= SuperHappyDevHouse =

Parties for hackers and thinkers

SuperHappyDevHouse (SHDH) is an international series of social events that organizers originally conceived as parties for hackers. It was founded by Jeff Lindsay and David Weekly (founder of PBwiki) on May 29, 2005. SHDH in Silicon Valley began by hosting 150–200 people every six weeks at rotating venues throughout San Francisco Bay and Silicon Valley, California. The name was derived from a 1991 Saturday Night Live satire, Happy Fun Ball, which lampooned TV commercials, and the NERF Ball. Weekly lived in a house nicknamed "SuperHappyFunHouse" with other entrepreneurs including Bret Taylor, Juan Bruce, Chris Countryman, Kimon Tsinteris, Alan Keefer and Andy Radin. That name was changed to SuperHappyDevHouse for the events.

==Expansion==
In 2008, SHDH had expanded with CocoaDevHouse (London); SuperHappyDevClub (Cambridge, UK); Cologne DevHouse (Cologne, Germany); SuperHappyDevFlat (Zurich, Switzerland); SuperHappyHackerHouse (Vancouver, Canada); SuperHappyDevHouse Aotearoa (New Zealand); PhoenixDevHouse (Arizona); BostonDevHouse (Cambridge, Massachusetts); and DevHouse Pittsburgh (Pennsylvania). There was a DevHouse in Hermosillo, Mexico, in September 2008, marking the first Latin American DevHouse, followed shortly thereafter by a Mexico City DevHouse on November 1, 2008, a GuadalajaraDevHouse (Guadalajara, Mexico) on September 6, 2009, and two years later by a DevHouse on Mérida, Mexico, on February 28, 2010.

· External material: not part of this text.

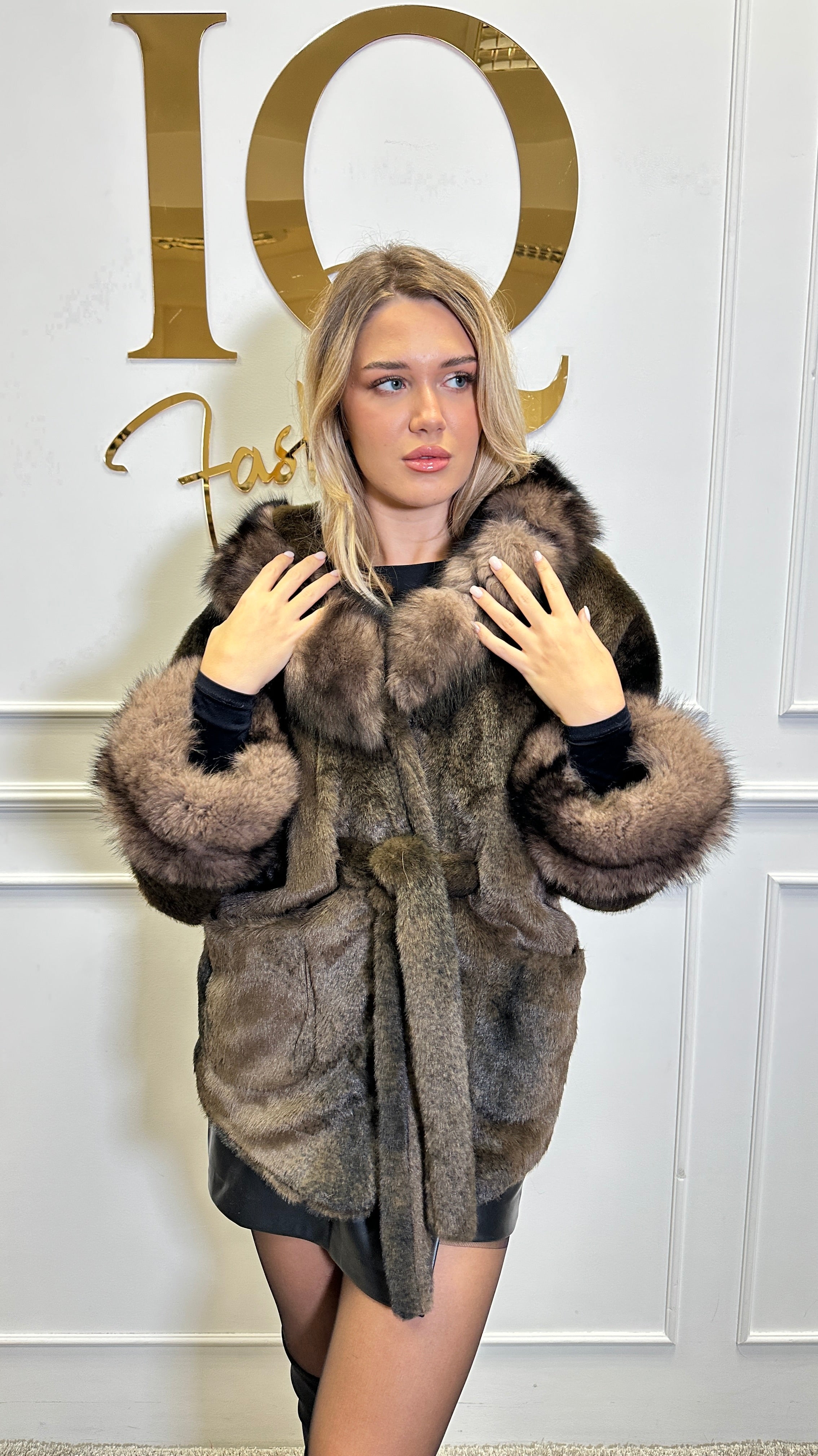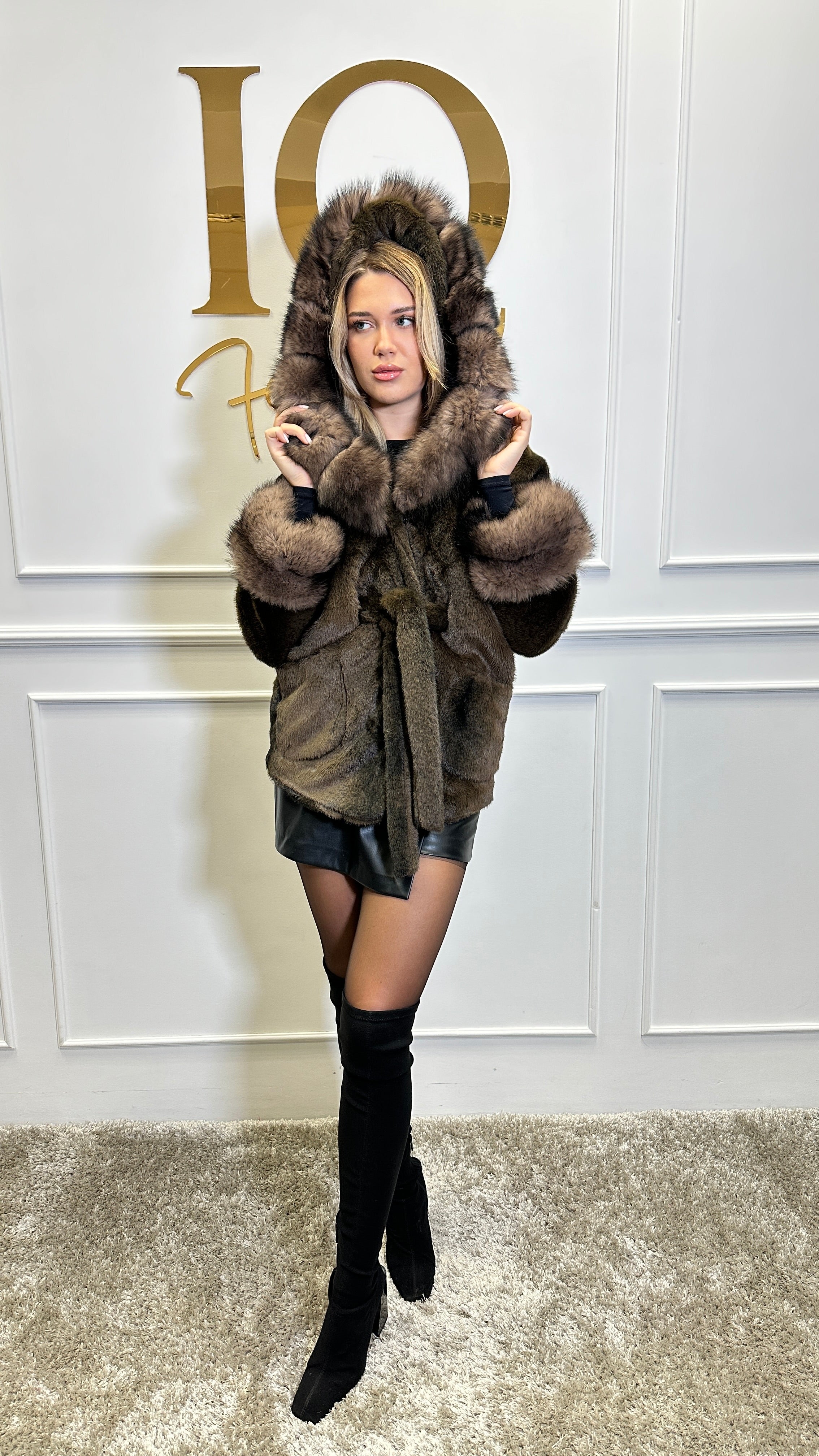 Produs este din lana de alcantara (baby lama)si accesorizat cu blana naturala de vulpe arctica.Model usor supradimensionat, captusita cu matase.Unele masuri pot sa dureze pana la 7 zile lucratoare

The organizers say they're trying to "resurrect the spirit of the Homebrew Computer Club." It is a non-exclusive event without admission charge; the event is paid for by donations and sponsorship.

The original SHDH was in Hillsborough, California, and later in Los Gatos, California.

As of August 2009, SHDH spawned HackerDojo to operate a hackerspace in Mountain View, California. SHDH operates as an activity of HackerDojo.

Currently, there is also an ongoing DevHouse in Chihuahua, Mexico, which began in 2022. They hold monthly meetings and continue to actively grow the DevHouse community in Mexico.